Deep well pumps spend their useful service life submerged under a hundred feet of water or more, pushing it to the surface for the needs non-municipal water users. They are constructed with the electrical part of the motor sealed and filled with propylene glycol at the factory to assure long life. Most pump manufacturers warrant their product for at least five years, and most pumps operating in clear-running wells may last from 15 to 25 years. Disassembly of an improperly functioning pump is strongly discouraged. If it becomes necessary for you to replace your deep well pump, however, here's how.
Four-inch-diameter pumps intended for residential service move about 10 gallons of water per minute and maintain the water pressure tank in a band between 30 and 50 psi, which prevents the motor from overcycling. Pumps consist of a sealed capacitor start-type 230 volt AC single-phase motor with carbon sleeve water bearings, and a number of centrifugal pump stages to overcome 50 to 150 psi of static head due to the depth plus the flowing pressure requirements on the surface. The pump may be close to three feet long.
Removing Defective Pump
Shut off all electrical power to the well system at the main breaker box. Special lifting tools with a one-inch NPT end taps directly into the pitless adapter fitting about five feet down the well casing. Lifting this fitting off its mating slide starts the hoisting exercise to lift the pump from the well. Many have found that using a freewheeling spare auto tire positioned on a stand next to the casing to help round the flexible pipe smoothly to horizontal, and a lawn tractor to pull on the pipe, facilitates lifting the several hundred feet of water-filled pipe and the pump. Take care while lifting to prevent damage to the centering clips, pipe, power wires and motor drop safety rope. As the pump motor approaches the surface, it must be gently cleared around the pitless adapter slide in the side of the well casing. When it reaches the top, carefully lift it out and lay it on the ground. Inspect the system closely, including the entire pipe and all wires. Check the motor's connections and take electrical readings on the pump's leads per manufacturer's specs. Note any items needing replacement.

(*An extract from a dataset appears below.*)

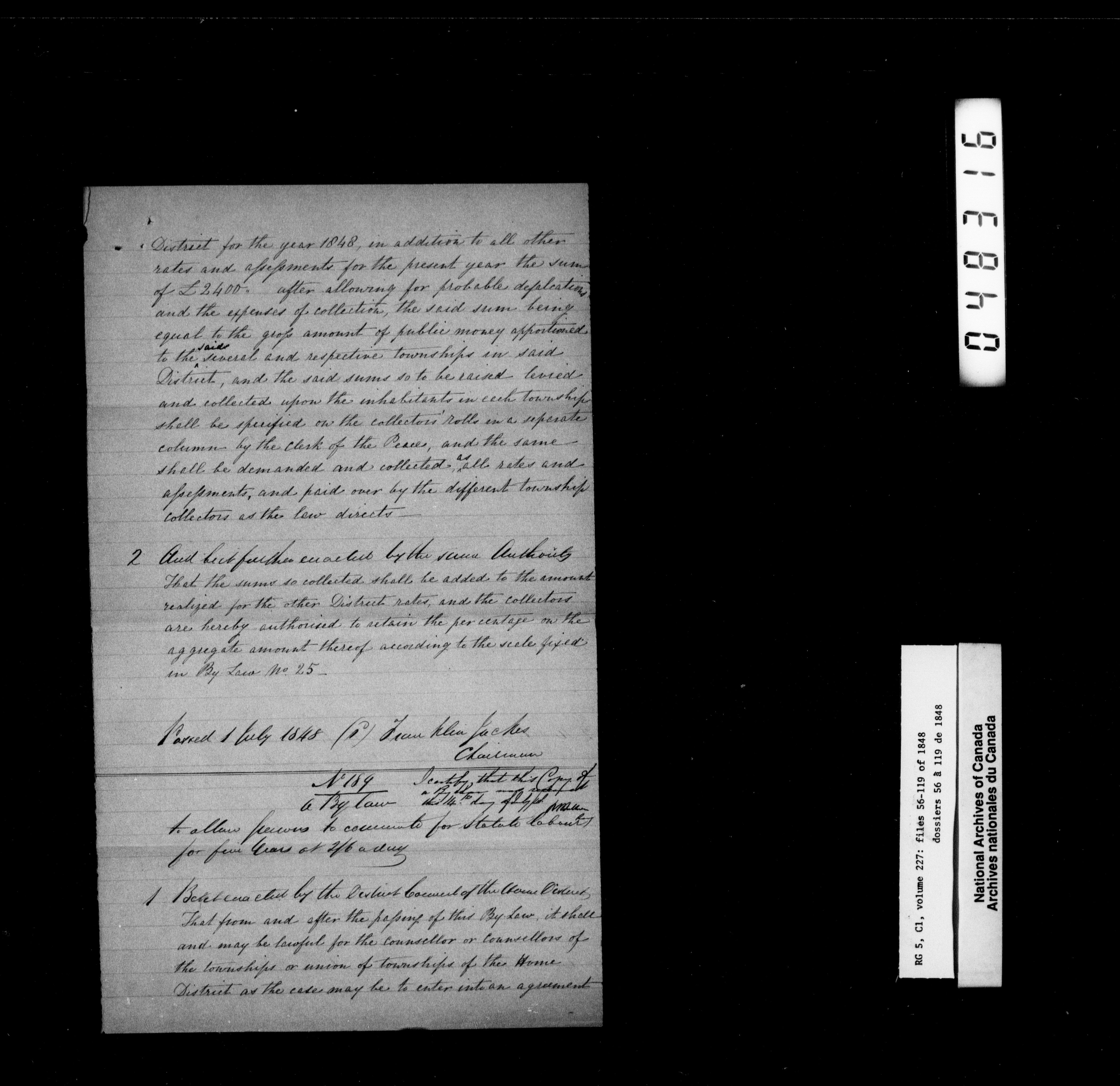 Canada West : Provincial Secretary, numbered correspondence files, 1844 to 1867 - 2383

If the pump's inlet screens are clogged with sand and debris preventing water flow, there is a problem with the well itself that needs to be fixed before cleaning the screens and returning the pump to the bottom of the well. If the pump is not working, or it is not testing per electrical specifications, replace it. There is nothing a user can repair by disassembling the pump itself because it is sealed. Wires need very careful attention and new connections need to be heat-sealed with special deep well wire-splice kits. Returning the new system to the ground is the reverse of lifting it out, including taking care not to chafe the pipe or wires against the side of the well casing. The pitless adapter will have to be carefully aligned with the mating slide. Make sure there is no debris on the pitless adapter O-ring before reinstallation.